3. Research methodology
3.1. Data sources and descriptions
The data used in this study was obtained from the National Air Quality Monitoring Programme (NAMP) of the Central Pollution Control Board (CPCB) of India. The dataset covers daily air quality monitoring data from January 2020 to December 2024 for 10 major districts of India (Bengaluru, Chennai, Delhi, Hyderabad, Kolkata, Mumbai, Gwalior, Jaipur, Lucknow, Visakhapatnam).
Indicators of pollutants collected include:
• Fine particulate matter (PM2.5): Suspended particulate matter at the micron level with a particle size of ≤2.5 \( μm \) .
• PM10: Suspended particulate matter at the micron level with a particle size of ≤10 \( μm \) .
• Nitrogen dioxide (NO2)
• Ammonia (NH3)
• Sulfur dioxide (SO2)
• carbon monoxide (CO)
• ozone (O3)
The dataset contains a total of about 18,000 observation records, each containing date, area, concentration values of seven pollutants and AQI values calculated according to the Indian National Air Quality Standards.
3.2. Data preprocessing
Data preprocessing includes the following steps:
• Missing value processing: Missing data are filled in using Multiple Imputation to maintain data integrity;
• Outlier Detection: Identify and handle outliers using \( 3σ \) guidelines;
• Data normalization: The \( Min-Max \) normalization method was used to transform the concentration data for each pollutant into the interval [0,1]:
• \( {X_{norm}}=\frac{X-{X_{min}}}{{X_{max}}-{X_{min}}} \)
• AQI Calculation: Calculation of AQI values based on normalized pollutant concentration data as per the Indian National AQI calculation methodology;
• Data Segmentation: Randomly divide the data into training and testing sets in the ratio of 8:2 for model training and evaluation.
3.3. Research design
Three linear regression model configurations were designed for this study:
• Model 1 (full-parameter model): All seven pollutant indicators (PM2.5, PM10, NO2, NH3, SO2, CO, O3) were used as independent variables and AQI as the dependent variable;
• Model 2 (particulate matter model): PM2.5 and PM10 only as independent variables and AQI as dependent variable;
• Model 3 (non-particulate model): five indicators NO2, NH3, SO2, CO, O3 as independent variables and AQI as dependent variable
The general form of the linear regression model is: \( AQI={β_{0}}+{β_{1}}{X_{1}}+{β_{2}}{X_{2}}+…+{β_{n}}{X_{n}} \)
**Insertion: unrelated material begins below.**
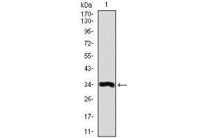 - Purified antibody in PBS with 0.05 % sodium azide.

where \( {X_{i}} \) represents the \( i \) th pollutant indicator, \( {β_{i}} \) is the corresponding regression coefficient, and \( ε \) is the random error term.
In addition, the following machine learning models were used in this study for comparison:
• Support Vector Machine Regression (SVR): using Radial Basis Function (RBF) kernel function;
• Neural network (NN): Construct a three-layer feed-forward neural network with a ReLU activation function in the hidden layer;
• Random forest regression (RF): 100 decision trees were used, with self-help (Bootstrap) sampling.
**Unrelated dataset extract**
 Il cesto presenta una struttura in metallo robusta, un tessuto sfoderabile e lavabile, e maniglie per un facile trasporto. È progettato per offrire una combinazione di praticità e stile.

• XGBoost regression: an integrated learning algorithm based on the gradient boosting framework by sequentially building a tree model and optimizing the loss function.
• Decision tree regression: a single-tree model in which the data space is divided into regions by recursive bisection, with the same predicted value in each region.
3.4. Assessment of indicators
To evaluate the model performance, the following metrics were used in this study:
• Coefficient of determination (R²): measures the ability of the model to explain the variability of the data;
• Root Mean Square Error (RMSE): A measure of the average deviation of the predicted value from the actual value;
• Mean absolute error (MAE): a measure of the average absolute deviation of the predicted value from the actual value;
• Akaike Information Criterion (AIC): balancing model fit and complexity.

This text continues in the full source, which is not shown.